2. Can you please provide a detailed Stepwise Study Plan to ace Class 12 Maths Chapter 4 Exercise 4.1? 

Before solving problems from Exercise 4.1 of  Chapter 4 Class 12 Maths, the first step is to memorise the formulae and comprehend how they are used. Then, complete Exercise 4.1 by solving all of the questions. To help you with this exercise, you may use Vedantu's NCERT Solutions for Exercise 4.1 by going to the page NCERT Solutions Class 12 Maths Exercise 4.1 or using the Vedantu app; these solutions are accessible for free.
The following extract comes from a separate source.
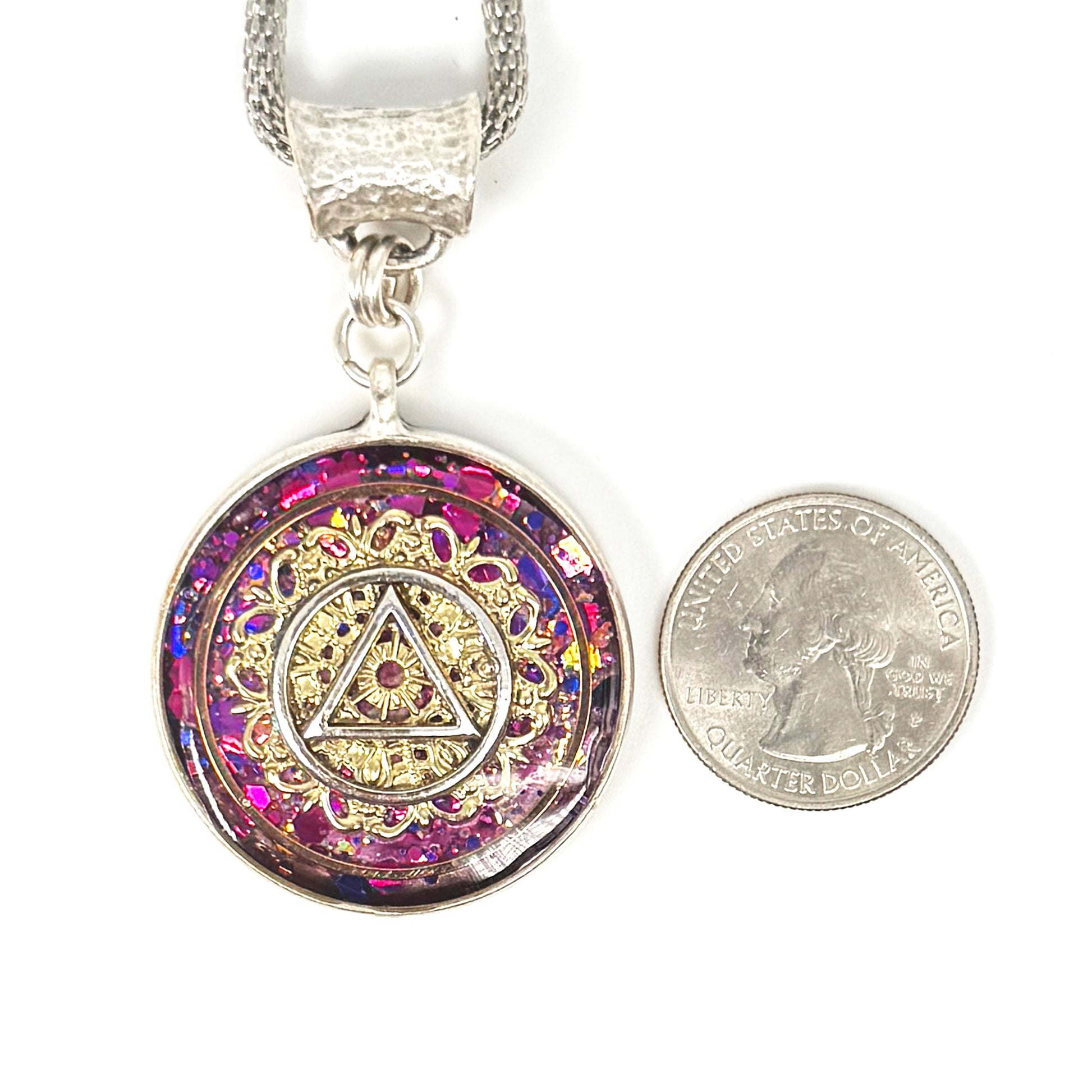 My One of a Kind Hand Painted Resin Sobriety Pendants are Unique, Handcrafted pieces of jewelry designed to symbolize and celebrate your journey in recovery. I incorporate many symbols in my work such as hearts. Hearts represent “My Heart is in Recovery” Each pendant comes with a 18” silver plated chain

Last but not the least, previous year questions from this exercise should be practised in order to ace the CBSE Board Exam.

3. Do I need to practice all the questions provided in Exercise 4.1 of  Chapter 4 Class 12 Maths? 

From an examination standpoint, each question in NCERT of Exercise 4.1 of  Chapter 4 Class 12 Maths is essential. To do well in the Maths exam, you must practise all of the different types of questions included in Exercise 4.1. You will learn something new from each question. For the best results on the Maths exam, practise the problems you find difficult many times and focus more on your areas of weakness.

4. Is it sufficient to practice Exercise 4.1 of  Chapter 4 Class 12 Maths or do I need to practice it from other reference books too? 

To ace Class 12 Maths Board exams, you must, first, be clear with all the questions of Exercise 4.1 from the NCERT Maths standard textbook. It is always better to practice more, so after completing NCERT questions, you can practice the most important questions from other reference books such as RD Sharma and RS Aggarwal. The more you practice, the more you will strengthen your preparation of concepts from Exercise 4.1. Thus, to become a Maths topper in Class 12, you must also practice additional questions based on Exercise 4.1. 

5. What are the most important questions in Exercise 4.1 of  Chapter 4 Class 12 Maths? 

Exercise 4.1 of Class 12 Maths contains various different kinds of questions on Determinants. The most important types of questions given in this exercise are as follows- finding a determinant when a matrix (having elements such as natural numbers, fractions, decimals or trigonometric identities); proving an equation having matrices and determinants; finding the value of 'x' when an equation having two equal matrices are given; determining the value of a determinant. By solving each of these types of questions, you will be able to understand the concept of determinants better.